Friday, April 29, 2005

But, whaddya mean the domain model shouldn't capture everything?

One of the problems I'm currently looking at is how to capture real-time domain knowledge in such a way that it can be machine-checkable against the implementation. Admittedly, that's a big sentence filled with big words, but let me give an illustrating example. Suppose you're bouncing a basketball on the ground. This is an control system, because you are trying to bounce the ball against the imperfect ground in a 1-G environment just right so that it gracefully returns to your hand with each bounce. Too much bounce last time? Well, then you'll stop it a bit with your hand. Too little bounce last time? Well, then you'll hunch over a bit to reach it and bounce it a bit extra. Similarly, a rocket is a control system. Using trajectory feedback, engineers and scientists write software to keep the rocket pointing at the right angle and going the right speed to escape the atmosphere of Earth.

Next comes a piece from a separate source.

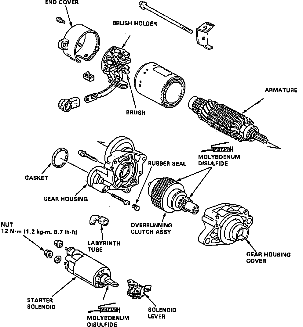 The Accord and Prelude starter Fig. 1 is a gear reduction type with a 1.4kw rating. It uses a planetary gear train to transmit armature rotation to the pinion shaft. A solenoid switch is mounted on the starter motor.
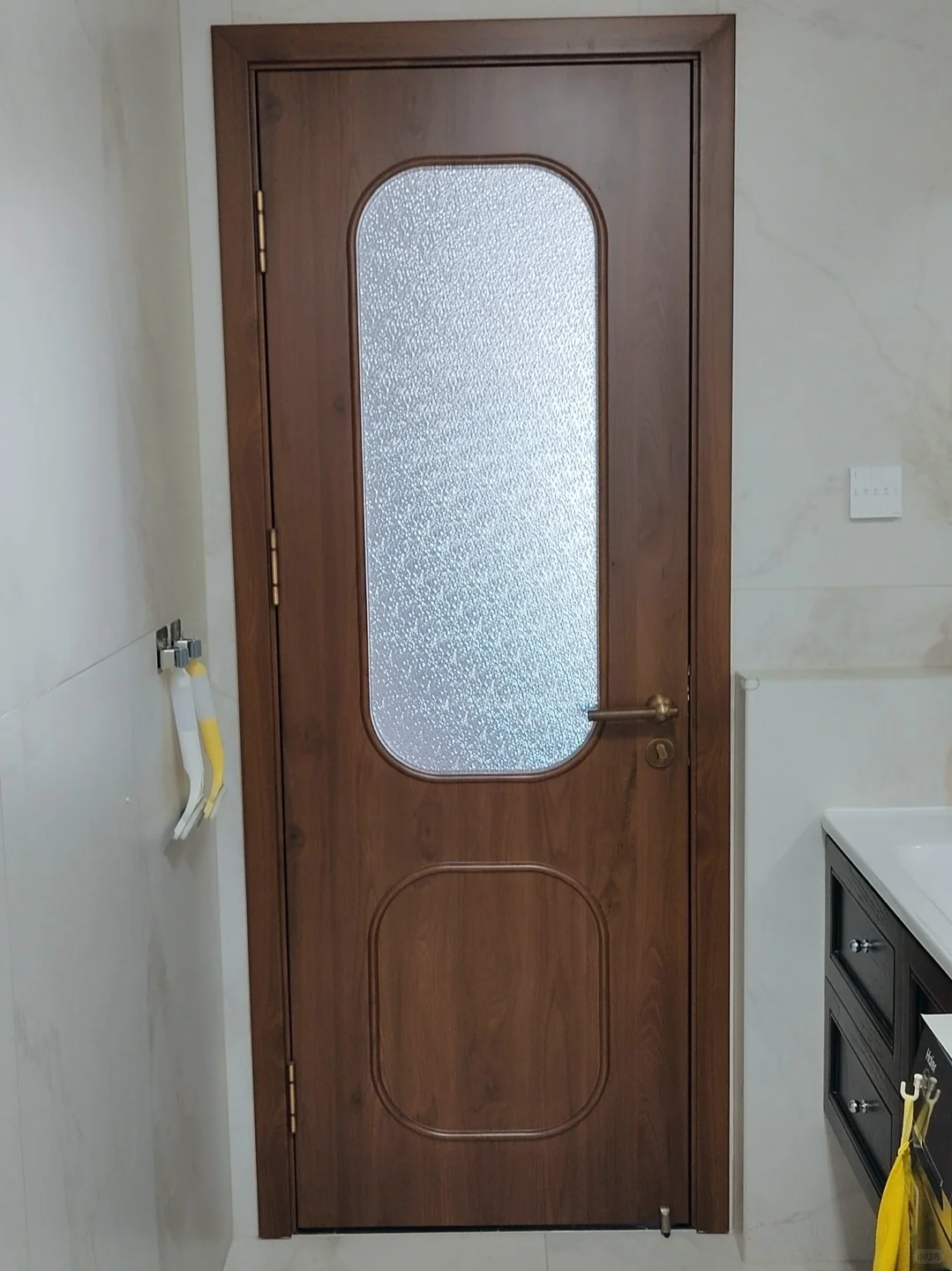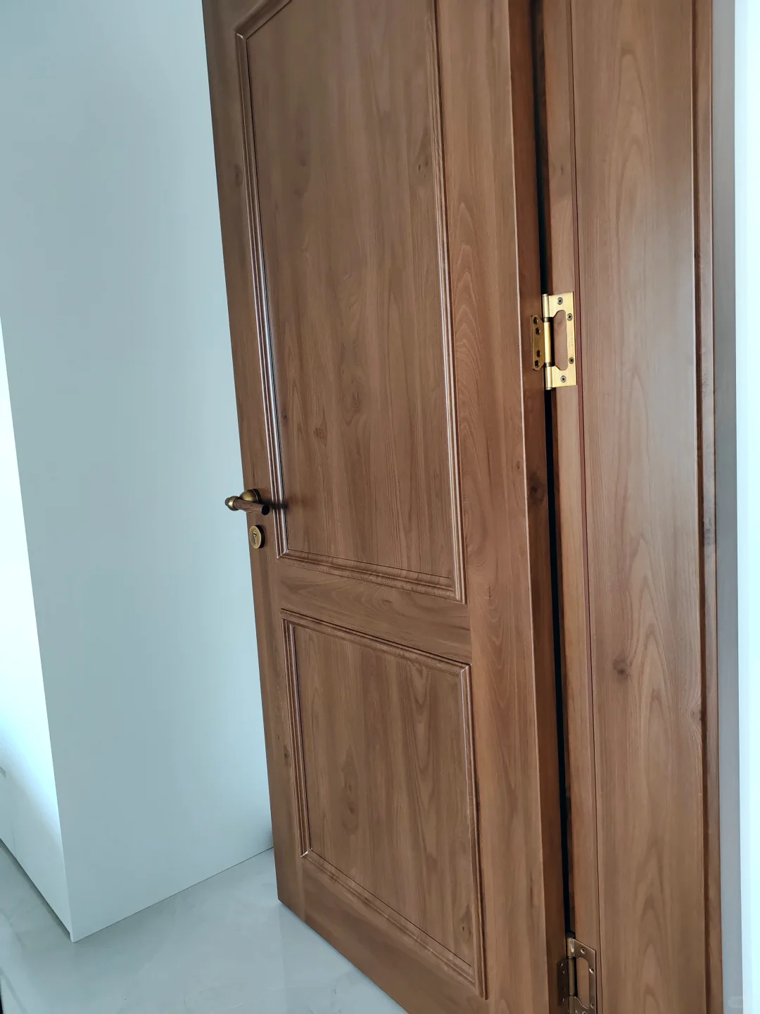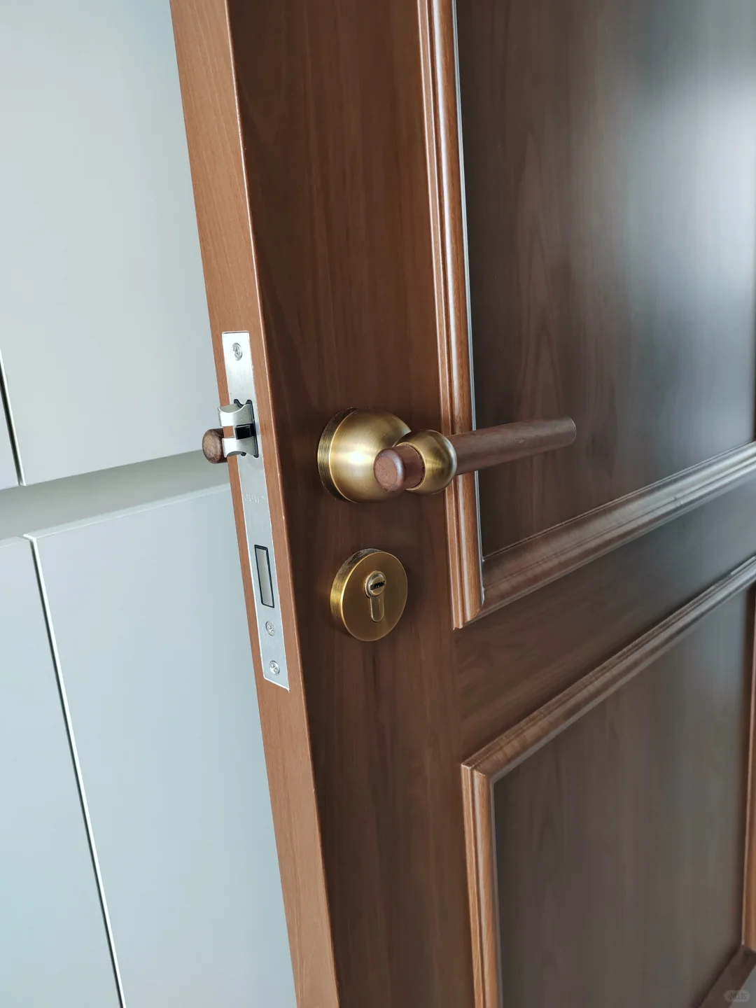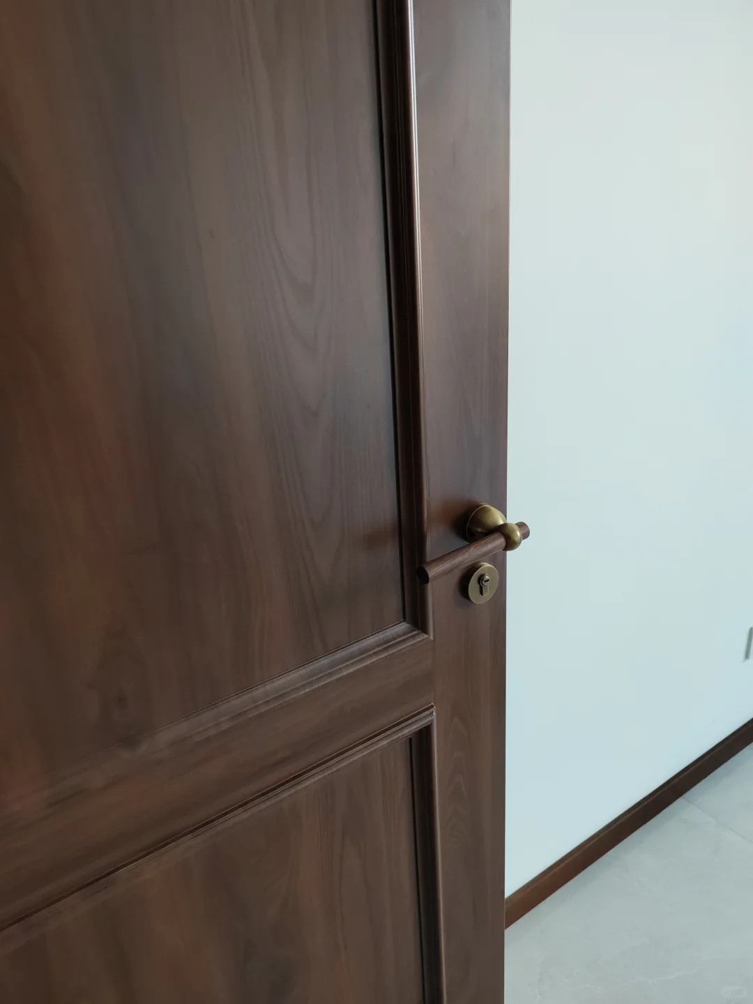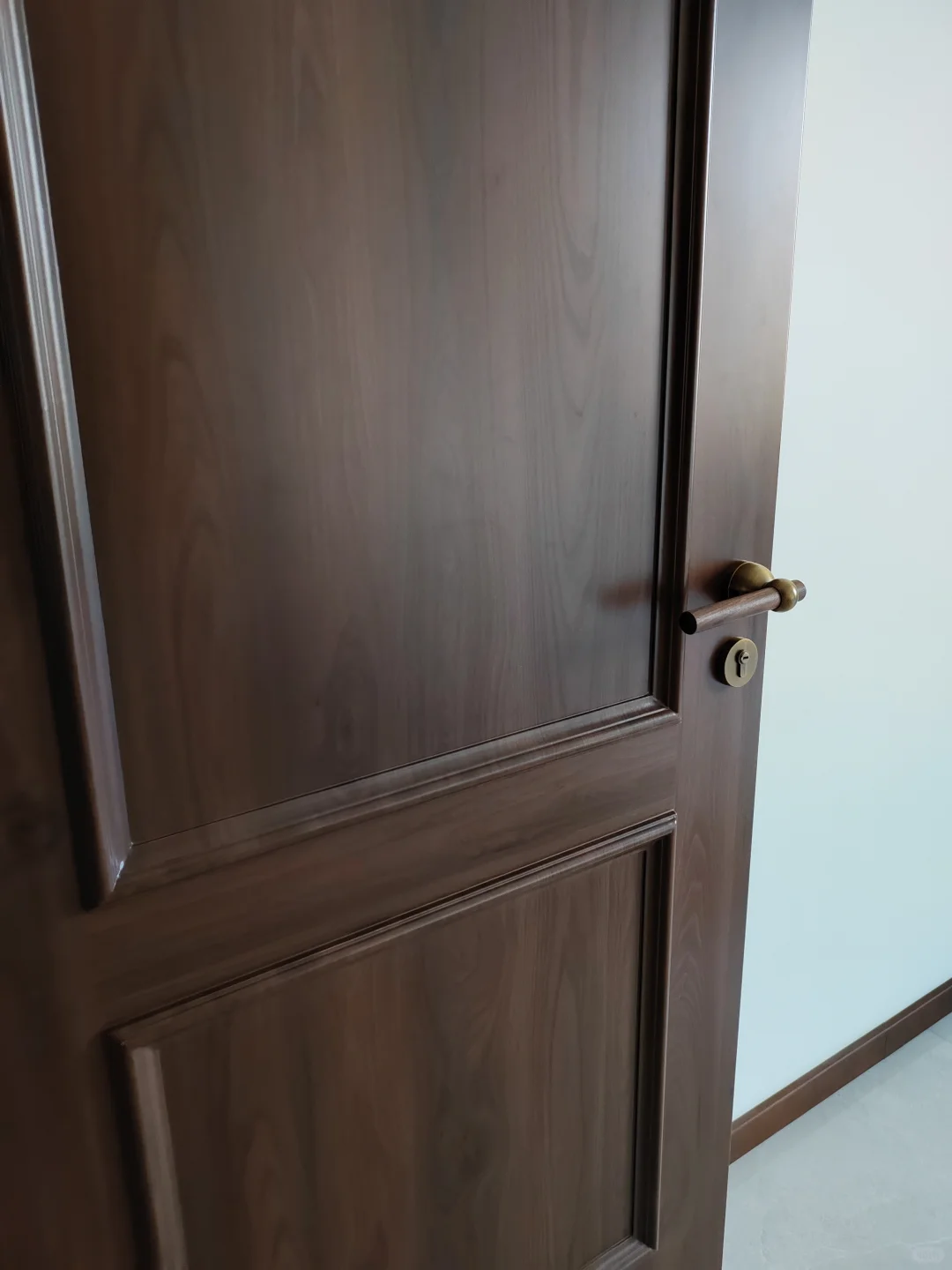 不想将就,自己网购了胡桃木+古铜色的门把手

Let's suppose that, without telling you, I replace the basketball with a similar-looking ball, but made of extra bouncy material. Now, when you bounce that ball with the same amount of force you'd use for a basketball, the bouncy ball is going to go out of control, likely hitting the ceiling or bouncing into the street. This what happened with the Ariane 5. The same horizontal control from the Ariane 4 was used for the Ariane 5, though it was a much faster rocket. The rocket went faster than expected by the software, an uncaught exception occurred, and the rocket went on a self-destructive spree.

What happened with the Ariane 5? There are a number of really smart people who have opinions about how it could have prevented, but I think it boils down to a bad model. Somewhere, likely in a really dark closet or desk drawer, there was a document which stated that "The rocket goes XX mph." Somewhere else, there was a very unreadable line of code which stored the speed of the rocket in a variable big enough for XX mph. The very unreadable line of code was reused for a faster rocket without re-reading the dusty document. Certainly, it's hard to point fingers at any one person. When I was a programmer, I didn't have access to the models that the well-paid software architects were concocting miles away at our headquarters in Alameda. But wouldn't it have been nice if there were some magical compiler that, when that poor entry-level programmer tried to reuse the control software on the Ariane 5, said, "Ah ah ah! You should re-check your original assumptions about the speed of the rocket before doing that!"

Most of research involves reading other people's ideas about things. Currently, I'm reading "Domain-Driven Design" by Eric Evans. It's a nicely written, down-to-earth book about how to incoporate domain models into the software design process. To be clear, the word "domain" simply means "the world" to software engineers. Except that, for most software, programmers don't have to worry about the WHOLE world. A domain model is simply a description of all of the things in the world that programmers do have to worry about. For example, rocket scientists don't need to worry about the weight of a kitten, but they do have to worry about the gravitational pull of the earth.

I paused at Evans' following statement,
The trouble comes when people feel compelled to convey the whole model or design through UML [Unified Modeling Language].
I'm one of those people. I don't necessarily use UML, but what I'd like to do is capture every detail about the final implementation in the domain model such that we have some kind of "Ah ah ah!" checking mechanism like the one I dreamed up two paragraphs ago. I'm wrestling with my own visions about improving the ways that people write code for dangerous devices (like rockets), and what Evans is saying about the bad habits people have when modeling domains.

Some people, and I'm one of them at times, have the vision that someday a person will be able to write an English description of what she wants her code to do, and some magical translation will occur to generate the code given that description. More and more, I don't think that it's possible, much less desireable. Besides, it would put me out of work.

1 comment:

Anonymous said...

I wrote a "paper" in my software engineering class that applied Goedel's Incompleteness Theorem to attempts at formel modeling, basically arguing that all such attempts were futile. This was entirely from a philosophical, not a mathematical perspective, so it is really just BS, but it might be true.